The Rest is Classified Episode 101: Putin’s Secret Army: Wagner’s Control of Africa (Episode 4) As the French withdrew from the Central African Republic, Yevgeny Prigozhin and the infamous Wagner Group saw an opportunity to make themselves useful to the Kremlin by globalizing his model and applying it to new conflicts. After all, the East Indian Company had used this privatized company model of colonization way back in the 18th century. In the end, is there a difference between mercenaries and a government contractor? For quite some time, Prigozhin denied any involvement in Africa, adopting some fairly risible disguises when flying in for meetings. He made a deal with Sudan in exchange for gold; he took advantage of the Civil War in Libya after Gaddafi; in Mozambique different countries were pitching for deals. In exchange for his security and information warfare, he received mining concessions. Ever the publicist, he was heavily into branding, and started making his own publicity films in Africa, starring his own troops. But by January 2022 he came into conflict with the Russian Ministry of the Defence who, he felt, were locking him out.

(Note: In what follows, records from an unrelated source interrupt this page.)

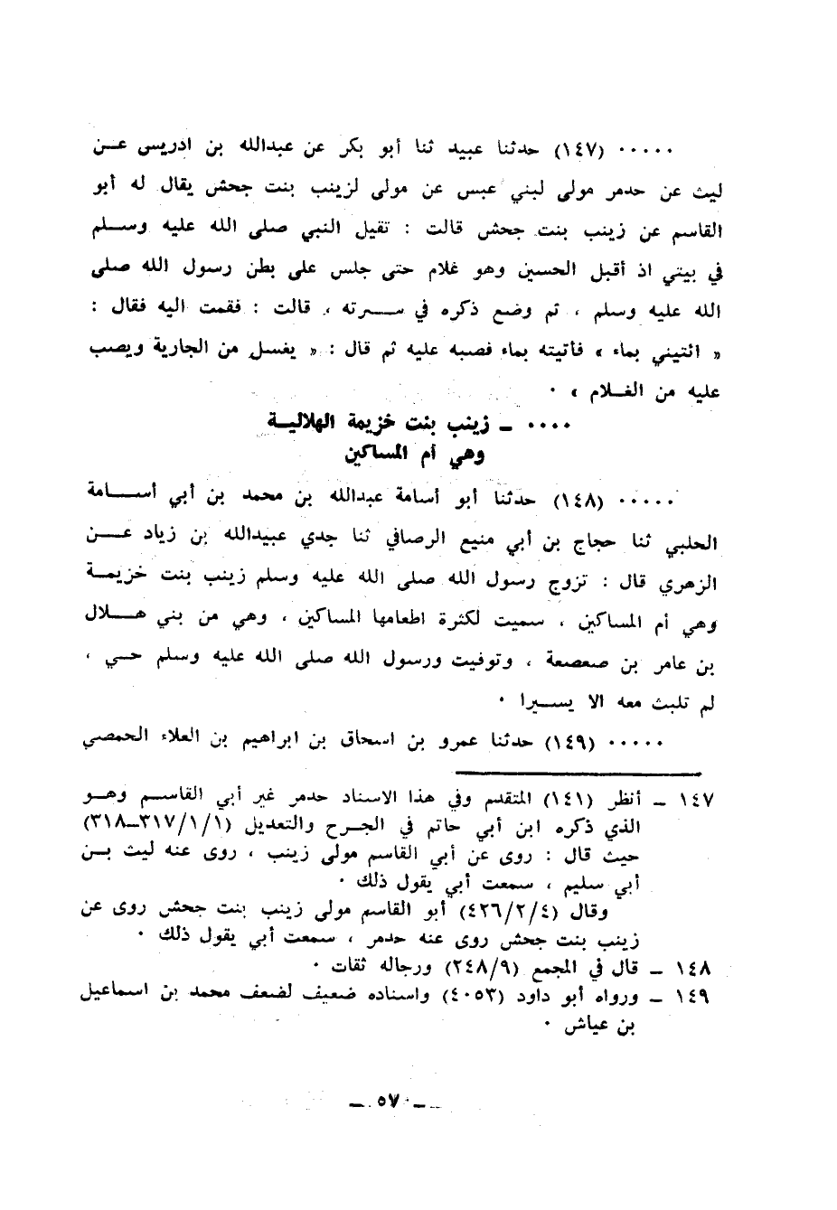 148 - حَدَّثَنَا أَبُو أُسَامَةَ عَبْدُ اللهِ بْنُ مُحَمَّدِ بْنِ أَبِي أُسَامَةَ الْحَلَبِيُّ، ثنا حَجَّاجُ بْنُ أَبِي مَنِيعٍ الرُّصَافِيُّ، ثنا جَدِّي عُبَيْدُ اللهِ بْنُ زِيَادٍ، عَنِ الزُّهْرِيِّ، قَالَ: «§تَزَوَّجَ رَسُولُ اللهِ صَلَّى اللهُ عَلَيْهِ وَسَلَّمَ زَيْنَبَ بِنْتَ خُزَيْمَةَ، وَهِيَ أُمُّ الْمَسَاكِينِ، سُمِّيَتْ لِكَثْرَةِ إِطْعَامِهَا الْمَسَاكِينَ، وَهِيَ مِنْ بَنِي هِلَالِ بْنِ عَامِرِ بْنِ صَعْصَعَةَ، وَتُوُفِّيَتْ وَرَسُولُ اللهِ صَلَّى اللهُ عَلَيْهِ وَسَلَّمَ حَيٌّ لَمْ تَلْبَثْ مَعَهُ إِلَّا يَسِيرًا»
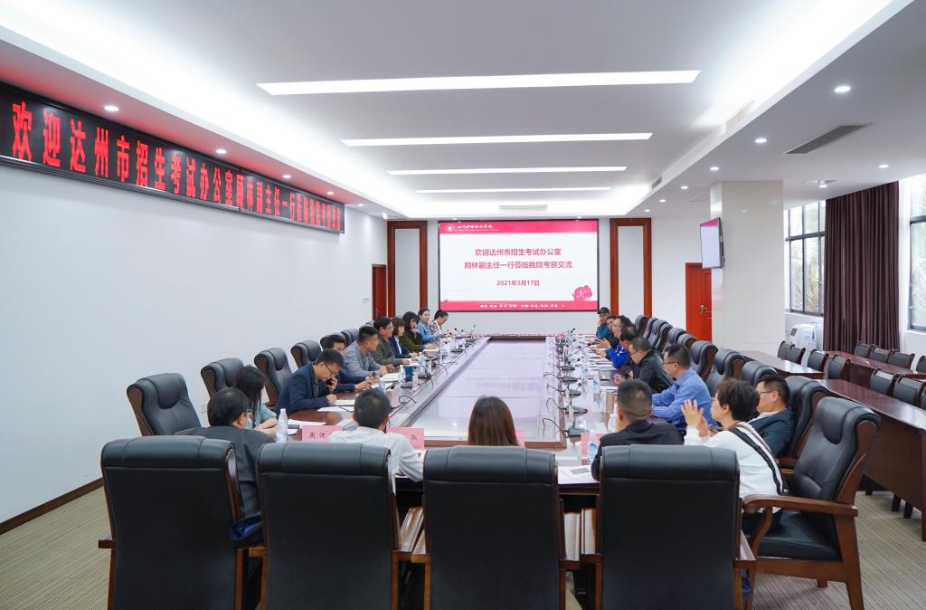3月17日下午,达州市招生考试办公室顾林副主任一行15人来访我院进行调研交流。学院党委委员、副院长陈劲松出席交流活动,学生工作部(团委)、学生处、招生就业处相关负责人陪同。
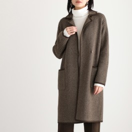 程よい肉厚のコートで身体に沿いとても良いです。襟の大きさも大きすぎず小さすぎず絶妙です。確かに良い物を着ているという感じです。流行のないヘリンボーン柄は上品です。特に見頃の柄とポケットの柄が合っているのは流石です。大変気に入りました。永く愛用させていただきます。次回も楽しみにしております。
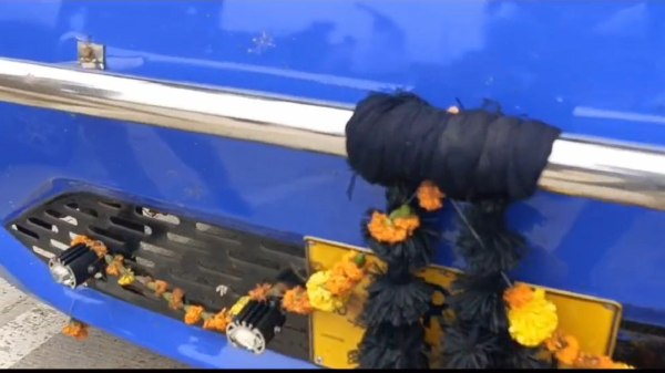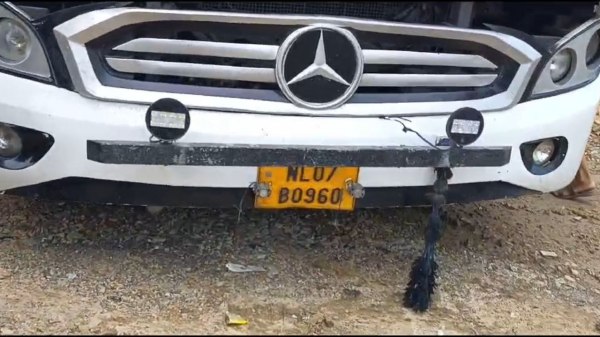 गाड़ी को नजर ना लगे, इसलिए काली चुटिया टांगी गई। होशियारी इतनी की नंबर प्लेट भी नहीं दिख रहा है। परिवहन मंत्री ने इसकी तरफ भी इशारा किया।
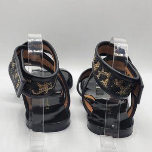 New without tag authentic black with gold accent three snap ankle wrap leather sandals. Size 38/7.
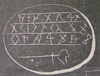 - ↑ Quelle: ebd.; Anmerkung: Bei Barry Fell auf Englisch: "(1) The mound raised-on-high for Tasach (2) This tile (3) (His) queen caused-to-be-made"
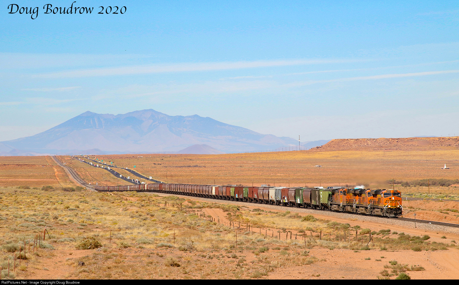 | An Eastbound unit grain train is seen arriving in Winslow. Some 60 miles to the West the 12,633 foot San Francisco Mountain looms over the desert. The peaks are partially obscured by a residual haze from ongoing wildfires in California. |
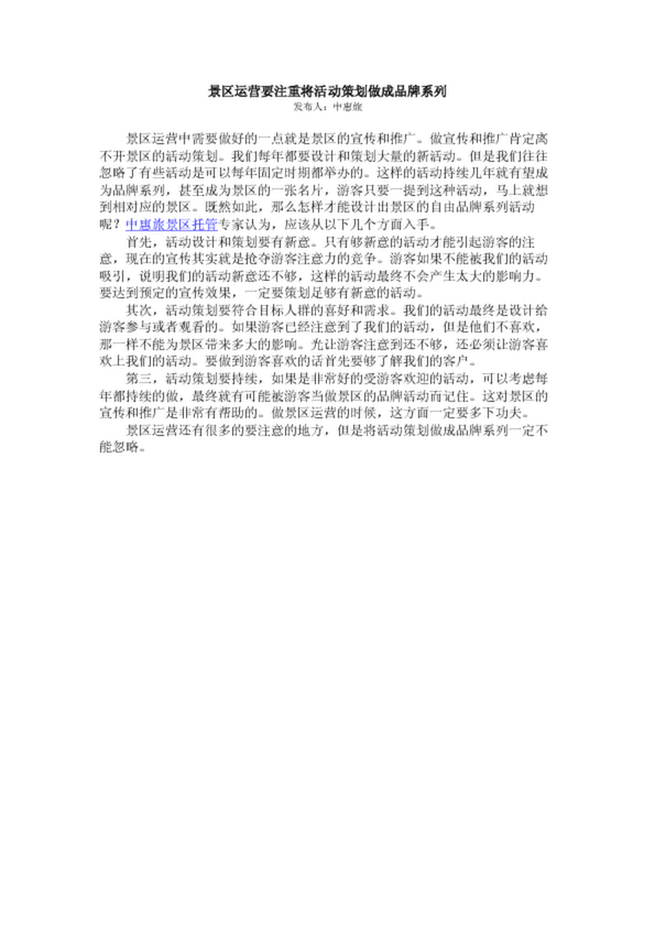 景區(qū)運(yùn)營(yíng)要注重將活動(dòng)策劃做成品牌系列

The Rest is History Episode 637 Revolution in Iran: The Rise of the Ayatollah Part 2. The Iranian Revolution, despite being characterized in the west as ‘medieval’, is a classic 20th century revolution, with the involvement of the petite-bourgeousie, young unemployed working class men and students but also with the addition of clerics and religious students. The Shah neither repressed nor appeased the protestors, and U.S. President Jimmy Carter was completely out of his depth. He appointed the dovish Cyrus Vance as Secretary of State (of course, Tom points out the irony of having a man called Cyrus being appointed to Iranian (Persian) affairs given the historical Cyrus the Great) as well as the hawkish, anti-Russian Zbigniew Brzezinski as National Security Advisor. Needless to say, the two men did not get on. In October 1978 the Sunni, Arab, Baathist Saddam Hussein expelled Khomeini from Iraq, and he went to Paris where he made himself very available to the world press, who were happy to report his anti-colonial, anti-imperialist views. He did express to the international press his radical view that the mullahs should run the state, but he was quite open about it in his taped lectures which were sent home to Iran and circulated widely. On New Years Eve he issued a call for nine days of protests, and by 19 January 1979 the Shah had agreed to leave, wanting to go to California, which led to more conflict between Vance and Brzezinski over US’ responsibility to the Shah. On 1 February 1979 Khomeini returned after fifteen years’ exile and was greeted by crowds. Brzezinki was urging a coup, but the US Ambassador to Iran, Sullivan, rejected this plan, arguing that there were fears for US businessmen and that oil prices would skyrocket. Meanwhile, back in America, evangelical Jimmy Carter was convinced that US was gripped by a spiritual crisis, exemplified by what came to be known as his televised ‘malaise’ speech, calling for people to use less oil- not the sort of message Americans are accustomed to hearing from their President. Khomeini announced the export of Sharia Law, and the increasingly ill Shah was stuck in the Middle East.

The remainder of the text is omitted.